Working data =>
============

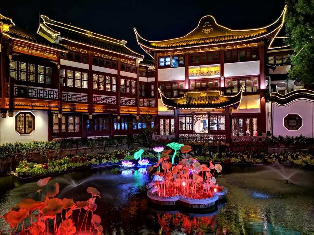 城隍庙的夜景可谓金碧辉煌,堪称皇家气派,所有的灯饰只为证明它的伟岸和雄姿。
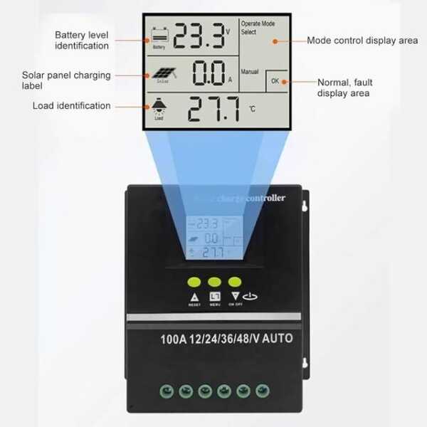 MPPT 100A 12V/24V/36V/48V/60V Solar Şarj Kontrol Cihazı - Çift USB - LCD Ekran - Otomatik Güneş Pili Şarj Cihazı - Alüminyum Plakalı Şarjlı Regülatör Özellikleri
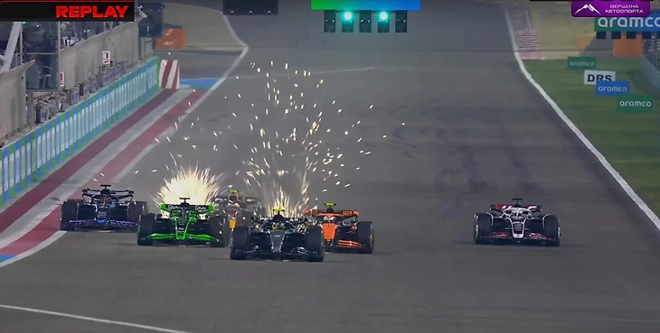 За полчаса до финишного флага четверга тренироваться начали не только пилоты, но и организаторы. Над треком последовательно включили режимы виртуального пейс-кара, машины безопасности и красных флагов. Вся индикация на автодроме сработала успешно, так что через 5 минут пилоты вновь появились на трассе. И показали настоящее шоу, по которому все загрустили за межсезонье. Первый круг после возобновления сессии пилоты проехали вместе, а на стартовой прямой устроили настоящий старт с хода. Хэмилтон, Норрис, Перес, Боттас, Магнуссен, и Окон, выбивая снопы искр, пронеслись по первому сектору «Сахира», имитируя настоящую битву. Импровизация прошла успешно - пилоты действовали в меру агрессивно и сохранили новые машины в целости.
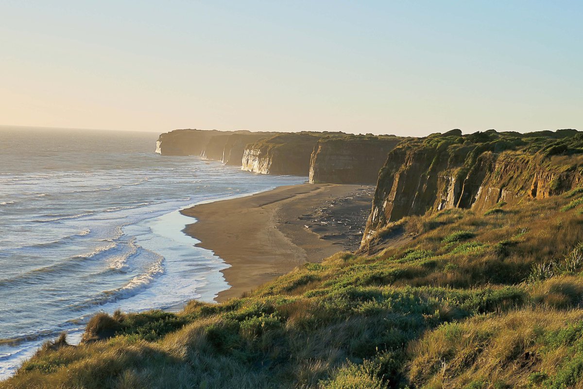 Fot. powyżej: Klify zachodniego wybrzeża południowej części Wyspy Północnej.
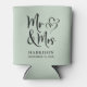 Give a wedding toast and your wedding guests a fun souvenir keepsake of your special day with this custom sage green can cooler with "Mr & Mrs" written in a large script and an illustration of two hearts joined together. Add your name and wedding date below.

============

Work to complete => What is needed is an exact copy of the lines from the start of the listing above through the line that holds "MPPT 100A 12V/24V/36V/48V/60V", with the pictures left out.

Reply =>
 城隍庙的夜景可谓金碧辉煌,堪称皇家气派,所有的灯饰只为证明它的伟岸和雄姿。
 MPPT 100A 12V/24V/36V/48V/60V Solar Şarj Kontrol Cihazı - Çift USB - LCD Ekran - Otomatik Güneş Pili Şarj Cihazı - Alüminyum Plakalı Şarjlı Regülatör Özellikleri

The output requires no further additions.